You cannot select more than 25 topics Topics must start with a letter or number, can include dashes ('-') and can be up to 35 characters long.

177 lines
7.2 KiB
Plaintext

TITLE:: FluidBufNoveltySlice
SUMMARY:: Buffer-Based Novelty-Based Slicer
CATEGORIES:: Libraries>FluidDecomposition, UGens>Buffer
RELATED:: Guides/FluCoMa, Guides/FluidDecomposition, Guides/FluidBufMultiThreading
DESCRIPTION::
This class implements a non-real-time slicer using an algorithm assessing novelty in the signal to estimate the slicing points. A novelty curve is being derived from running a kernel across the diagonal of the similarity matrix, and looking for peak of changes. It implements the seminal results published in 'Automatic Audio Segmentation Using a Measure of Audio Novelty' by J Foote. It is part of the LINK:: Guides/FluidDecomposition:: of LINK:: Guides/FluCoMa::. For more explanations, learning material, and discussions on its musicianly uses, visit http://www.flucoma.org/
The process will return a buffer which contains indices (in sample) of estimated starting points of different slices.
STRONG::Threading::
By default, this UGen spawns a new thread to avoid blocking the server command queue, so it is free to go about with its business. For a more detailed discussion of the available threading and monitoring options, including the two undocumented Class Methods below (.processBlocking and .kr) please read the guide LINK::Guides/FluidBufMultiThreading::.
CLASSMETHODS::
METHOD:: process
This is the method that calls for the slicing to be calculated on a given source buffer.
ARGUMENT:: server
The server on which the buffers to be processed are allocated.
ARGUMENT:: source
The index of the buffer to use as the source material to be sliced through novelty identification. The different channels of multichannel buffers will be summed.
ARGUMENT:: startFrame
Where in the srcBuf should the slicing process start, in sample.
ARGUMENT:: numFrames
How many frames should be processed.
ARGUMENT:: startChan
For multichannel srcBuf, which channel should be processed.
ARGUMENT:: numChans
For multichannel srcBuf, how many channel should be summed.
ARGUMENT:: indices
The index of the buffer where the indices (in sample) of the estimated starting points of slices will be written. The first and last points are always the boundary points of the analysis.
ARGUMENT:: feature
The feature on which novelty is computed.
table::
##0 || Spectrum || The magnitude of the full spectrum.
##1 || MFCC || 13 Mel-Frequency Cepstrum Coefficients.
##2 || Pitch || The pitch and its confidence.

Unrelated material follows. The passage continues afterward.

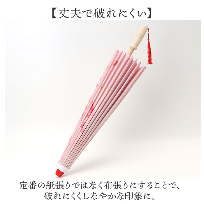 | 商品説明 | ・・【和の演出を楽しむ】 ・・和装での写真撮影にピッタリな和傘が登場。 ・【写真を華やかに】 ・・七五三や成人式、コスプレなど着物の写真を華やかに演出してくれるアイテム。 ・【丈夫で破れにくい】 ・・定番の紙張りではなく布張りにすることで、破れにくくしなやかな印象に。 ・【和にこだわったデザイン】 ・・傘の中棒や持ち手、親骨など各所に木製のパーツを使用しているので、和なイメーシがさらにアップ。 ・【手元を彩るデザイン】 ・・持ち手のタッセルがポイント。華やかな印象を与えてくれるデザイン◎ ・【さまざまなシーンで活躍】 ・・日本舞踊のお稽古や劇の小道具、和室のインテリアなど幅広く活用できる上品で華やかな和傘。 |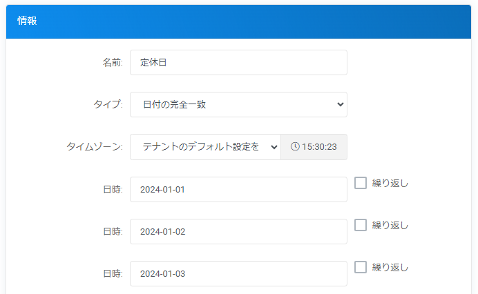 内閣府で定められた国民の休日を一括で設定したい場合、あらかじめ用意された条件「日本の祝日」を選択することで、1日ずつ指定することなく一括で設定することが可能です。

##3 || Loudness || The TruePeak and Loudness.
::
ARGUMENT:: kernelSize
The granularity of the window in which the algorithm looks for change, in samples. A small number will be sensitive to short term changes, and a large number should look for long term changes.
ARGUMENT:: threshold
The normalised threshold, between 0 an 1, on the novelty curve to consider it a segmentation point.
ARGUMENT:: filterSize
The size of a smoothing filter that is applied on the novelty curve. A larger filter filter size allows for cleaner cuts on very sharp changes.
ARGUMENT:: minSliceLength
The minimum duration of a slice in number of hopSize.
ARGUMENT:: windowSize
The window size. As novelty estimation relies on spectral frames, we need to decide what precision we give it spectrally and temporally, in line with Gabor Uncertainty principles. http://www.subsurfwiki.org/wiki/Gabor_uncertainty
ARGUMENT:: hopSize
The window hop size. As novelty estimation relies on spectral frames, we need to move the window forward. It can be any size but low overlap will create audible artefacts. The -1 default value will default to half of windowSize (overlap of 2).
ARGUMENT:: fftSize
The inner FFT/IFFT size. It should be at least 4 samples long, at least the size of the window, and a power of 2. Making it larger allows an oversampling of the spectral precision. The -1 default value will use the next power of 2 equal or above the windowSize.
ARGUMENT:: action
A Function to be evaluated once the offline process has finished and indices instance variables have been updated on the client side. The function will be passed indices as an argument.
RETURNS::
Nothing, as the various destination buffers are declared in the function call.
EXAMPLES::
code::
// load some buffers
(
b = Buffer.read(s,File.realpath(FluidBufNoveltySlice.class.filenameSymbol).dirname.withTrailingSlash ++ "../AudioFiles/Tremblay-AaS-AcousticStrums-M.wav");
c = Buffer.new(s);
)
(
// with basic params, with a minimum slight length to avoid over
Routine{
t = Main.elapsedTime;
FluidBufNoveltySlice.process(s,b, indices: c, threshold:0.4,filterSize: 4, minSliceLength: 8).wait;
(Main.elapsedTime - t).postln;
}.play
)
//check the number of slices: it is the number of frames in the transBuf minus the boundary index.
c.query;
//loops over a splice with the MouseX
(
{
BufRd.ar(1, b,
Phasor.ar(0,1,
BufRd.kr(1, c,
MouseX.kr(0, BufFrames.kr(c) - 1), 0, 1),
BufRd.kr(1, c,
MouseX.kr(1, BufFrames.kr(c)), 0, 1),
BufRd.kr(1,c,
MouseX.kr(0, BufFrames.kr(c) - 1), 0, 1)), 0, 1);
}.play;
)
::
STRONG::Examples of the impact of the filterSize::
CODE::
// load some buffers
(
b = Buffer.read(s,File.realpath(FluidBufNoveltySlice.class.filenameSymbol).dirname.withTrailingSlash ++ "../AudioFiles/Tremblay-AaS-AcousticStrums-M.wav");
c = Buffer.new(s);
)
// process with a given filterSize
(
Routine{
FluidBufNoveltySlice.process(s,b, indices: c, kernelSize:31, threshold:0.1, filterSize:1).wait;
//check the number of slices: it is the number of frames in the transBuf minus the boundary index.
c.query;
}.play;
)
//play slice number 3
(
{
BufRd.ar(1, b,
Line.ar(
BufRd.kr(1, c, DC.kr(3), 0, 1),
BufRd.kr(1, c, DC.kr(4), 0, 1),
(BufRd.kr(1, c, DC.kr(4)) - BufRd.kr(1, c, DC.kr(3), 0, 1) + 1) / s.sampleRate),
0,1);
}.play;
)
// change the filterSize in the code above to 4. Then to 12. Listen in between to the differences.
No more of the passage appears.